Thus far, the main argument I've seen against the "Say on Pay" legislation, proposed by Congressional Democrats and passed by the House, is that it overreaches the federal government's historical power to define the relationship among shareholders, directors and officers. This is state law territory traditionally, even though the interstate commerce clause and the decidedly national reach of almost any publicly-traded corporation would nix any claim of unconstitutionality in Congress's mandating that shareholders be able to make a non-binding yes-or-no vote on executive compensation. When I first thought about whether there was another way to get to the result of more shareholder input on executive compensation, I came up with a few ideas:
- Encourage Say on Pay to be legislated by states, maybe with a SD v. Dole-style prod of losing federal funding for anything related to corporate law, governance, etc. On the other hand, this might increase Delaware's incorporation advantage even more; I could imagine the state deciding that it makes more money on its board-friendly corporate law than it would lose by acceding to the federal demand.
- Push the New York Stock Exchange and NASDAQ to make it a requirement for corporations that list on them, with the usual unspoken threat that if the exchanges don't do it voluntarily, the heavy boot of government will be coming down. Such private action would reach a lot more companies than I would think either federal or state legislation would, because many companies listed on the major U.S. exchanges are incorporated outside the U.S. On the other hand, such an intrusive, extra-territorial requirement might raise howls from other nations' governments, as well as perhaps being enough to make listing on those particular exchanges less attractive. I assume the London Exchange doesn't require foreign corporations to follow British "say on pay" rules. Those rules, incidentally, were legislated after the UK best practice code's recommendations failed to convince the biggest British corporations to voluntarily add an advisory shareholder vote approving or disapproving specific compensation agreements after they become effective.
- I wondered whether the SEC had a rule for executive compensation that sort of parallels Rule 13(e)-3's requirement for taking a public corporation private, wherein key actors are required to justify the fairness of the transaction. This fits with the SEC's general mandate that it can't keep people from doing things the SEC may not like, but by God it can force them to generate a lot of paper if they do. Boards seem to explain their compensation decisions mostly in retrospect, when successfully sued by shareholders in derivative actions (reading Eisner et al trying to justify Ovitz's pay package in the Disney case is slightly painful). Then I remembered: the SEC does now, having adopted Compensation Discussion and Analysis last summer. The SEC is big on "narrative," and the CD&A seems likely to be more of the same:
New company disclosure in the form of a Compensation Discussion and Analysis will address the objectives and implementation of executive compensation programs - focusing on the most important factors underlying each company's compensation policies and decisions.
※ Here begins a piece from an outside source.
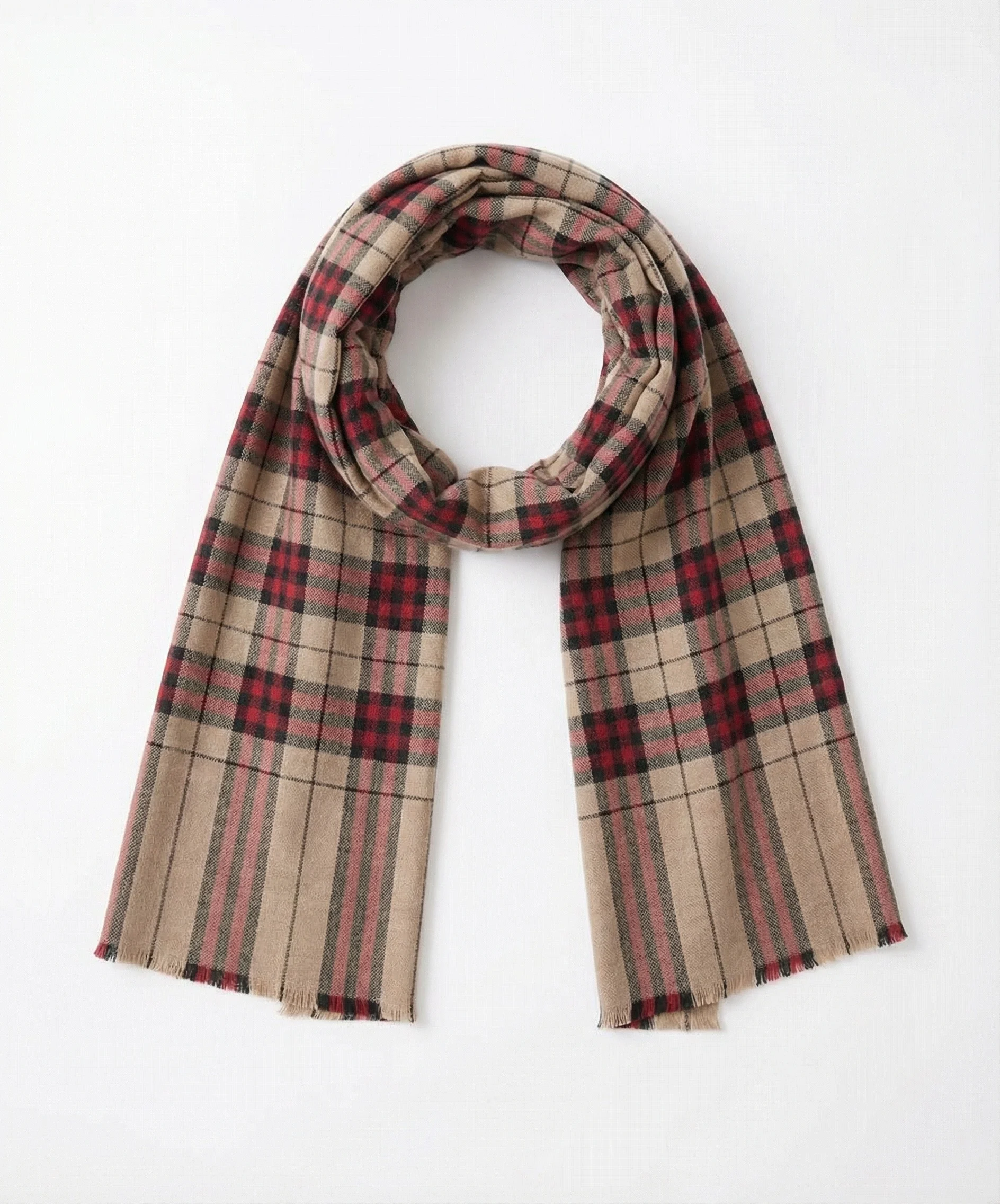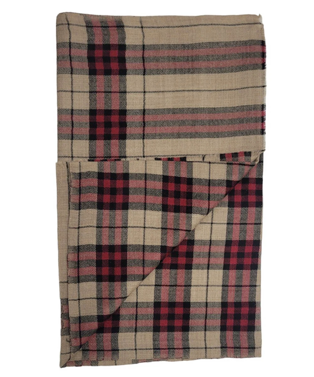 Handwoven on a traditional loom from pure Pashmina, this beige and red scarf features a classic tartan check that lends quiet structure and timeless character to its soft, airy base. The balanced pattern enhances the natural elegance of the fabric while preserving the exceptional softness, warmth, and fluid drape for which Pashmina is prized. Effortlessly versatile and refined, this scarf blends heritage design with contemporary ease, making it a thoughtful addition to both everyday and elevated wardrobes.

The Compensation Discussion and Analysis will be filed and will thus be a part of the disclosure subject to certification by a company's principal executive officer and principal financial officer.This sounds a bit vague and hand-wavey, and thus likely to fall short of what some have recommended that the CD&A do: "provide a justification for the compensation in light of the demands of the job, the particular industry, the actual performance, and other factors deemed relevant—in short, an explanation of why the compensation committee thinks the compensation is warranted. ... It would oblige specifically named individuals, the members of the compensation committee, to say publicly, 'This is what we are paying these executives, it is justified, and this is why.'" Presumably every corporation's CD&A will include words to the effect of "We want to recruit and retain the best executive talent in the market and reward high performance..." Which is all well and good, but doesn't tell us what the going rate for a good executive is, what the pay negotiations were like, who alternative candidate might be and what they would need to be compensated.
The only public corporation in which I've held stock directly (as opposed to mutual funds & such) issued statements and reports that had none of the above information. Then again, it also is the largest company entangled in a stock options backdating scandal -- having forced out its chairman and CEO over his questionable compensation (for those of you who think only the little guys go down) -- and so explaining the amount paid to executives, as opposed to the sketchy way in which it was paid, probably wasn't a a high priority.
All in all, I'm inclined to agree with Prof. Gordon's wait-and-see approach: "If a CD&A requirement and other process reforms seem ineffective after a five-year trial period, the shareholder advisory vote on a CD&A is an attractive next step." The only trouble with it is its lack of political realism: if the Democrats aren't in power in 2012, neither Congress nor the White House is likely to push for Say on Pay in any form, whether it be coercing the states or the exchanges, or having the SEC take action (Prof. Gordon remarks, "Such a measure could be adopted by ... the SEC as a condition for the circulation of a proxy statement," but it would go against the SEC's normal disinclination to force anything except paperwork on anyone). Therefore I consider it sensible for the Senate Democrats to hold the legislation in committee but continue to emphasize its existence and make clear that they are ready to act when necessary. This also has the political benefit of defining the Democrats as the party of oversight, without completely freaking out the business community.